Support from others can make all the difference.
Maybe you’ve tried more than once to lose weight, or made drastic changes in your diet — no gluten, no carbs, no meat, no sugar. Often we get results in the beginning, but end up back to our old habits.
Join a group, and stick with it for three months, and you’ll improve your chances of staying with your new program, according to a report commissioned by the Community Preventive Services Task Force. If your doctor said you are prediabetic and need to get your blood sugar numbers down to avoid diabetes, you’ll need to lose weight and exercise more. After reviewing 53 studies of 66 programs that offer support for people at risk for diabetes, the Task Force concluded that they boosted weight loss and led to lower blood sugar and better cholesterol markers. Don’t let cost stop you. Half of the participants paid less than $653 to take part in their program. Check at YMCAs, community health centers, or local private gyms.
What doesn’t work? A doctor simply telling somebody to “eat better and exercise,” says Patrick L. Remington, MD, MPH, coauthor of the Task Force’s recommendation statement.

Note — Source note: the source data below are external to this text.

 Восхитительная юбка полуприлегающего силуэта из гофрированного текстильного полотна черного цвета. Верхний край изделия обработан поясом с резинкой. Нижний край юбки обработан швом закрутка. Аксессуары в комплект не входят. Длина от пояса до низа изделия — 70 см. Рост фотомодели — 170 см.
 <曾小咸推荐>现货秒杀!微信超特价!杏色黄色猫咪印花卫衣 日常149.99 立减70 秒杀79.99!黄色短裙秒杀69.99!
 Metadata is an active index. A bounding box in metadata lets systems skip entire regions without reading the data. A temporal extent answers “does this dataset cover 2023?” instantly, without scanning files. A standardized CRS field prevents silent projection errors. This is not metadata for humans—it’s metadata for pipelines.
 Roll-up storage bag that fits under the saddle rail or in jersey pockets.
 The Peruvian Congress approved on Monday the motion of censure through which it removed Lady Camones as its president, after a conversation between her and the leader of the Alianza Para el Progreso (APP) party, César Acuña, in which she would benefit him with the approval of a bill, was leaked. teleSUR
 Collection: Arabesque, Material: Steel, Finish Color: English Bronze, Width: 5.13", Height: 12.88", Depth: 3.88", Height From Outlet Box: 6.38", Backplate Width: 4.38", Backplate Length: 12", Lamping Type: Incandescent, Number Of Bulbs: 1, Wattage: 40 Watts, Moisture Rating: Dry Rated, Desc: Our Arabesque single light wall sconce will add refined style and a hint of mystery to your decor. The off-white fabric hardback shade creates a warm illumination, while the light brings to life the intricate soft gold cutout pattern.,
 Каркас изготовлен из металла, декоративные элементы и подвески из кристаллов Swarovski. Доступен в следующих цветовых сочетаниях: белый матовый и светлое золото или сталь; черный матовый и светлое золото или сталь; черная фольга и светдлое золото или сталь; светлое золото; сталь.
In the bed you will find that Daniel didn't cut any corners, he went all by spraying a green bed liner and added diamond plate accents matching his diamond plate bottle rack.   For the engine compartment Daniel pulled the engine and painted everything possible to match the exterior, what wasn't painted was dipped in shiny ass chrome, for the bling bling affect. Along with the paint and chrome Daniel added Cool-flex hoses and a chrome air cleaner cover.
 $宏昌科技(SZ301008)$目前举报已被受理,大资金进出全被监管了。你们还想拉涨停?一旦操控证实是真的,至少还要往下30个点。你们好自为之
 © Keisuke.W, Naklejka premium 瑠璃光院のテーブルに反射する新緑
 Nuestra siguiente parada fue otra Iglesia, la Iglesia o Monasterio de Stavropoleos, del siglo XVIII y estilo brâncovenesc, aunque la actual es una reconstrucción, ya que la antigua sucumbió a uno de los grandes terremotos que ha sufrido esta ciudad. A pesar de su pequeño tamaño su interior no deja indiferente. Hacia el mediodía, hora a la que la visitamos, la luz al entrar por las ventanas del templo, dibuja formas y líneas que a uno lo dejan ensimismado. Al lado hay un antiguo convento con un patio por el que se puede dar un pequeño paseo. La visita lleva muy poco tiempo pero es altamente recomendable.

The Centers for Disease Control and Prevention keeps a registry of diet (or diet-and-exercise) programs you can look up by state, as well as a list of virtual or online programs. Both Jenny Craig and Weight Watchers passed muster in one study (the scientists noted that there wasn’t much information about other commercial programs). After 12 months, people in a Jenny Craig program had lost 4.9 percent more than people who had just received education about dieting; Weight Watchers’ participants did about half as well, but still better than those who only received education. In a separate study, the same team found that participants in Jenny Craig were able to bring down their blood sugar slightly more than people who only received education.
If your goal is losing weight, evidence strongly suggests that more intensive programs work best — look for lots of contact with other dieters and supporters. If your primary goal is to avoid diabetes, you may need less contact with the group, but your program should last at least a year.
One of the most rigorous programs has had the most success. Launched in 1970 by a formerly obese person and an obesity researcher, the Trevose Behavior Modification Program is available near Philadelphia and in central New Jersey. Run by volunteers, it works like other programs — you meet for weigh-ins, discussions about your eating habits, and support. The critical difference may be tough rules. During a trial period, you must attend all the weekly meetings, and lose 15 percent of all the weight you intend to lose during that time. After that, you can miss a meeting only with two weeks’ notice. You must also meet attendance and weight loss goals over the next four months, or get kicked out.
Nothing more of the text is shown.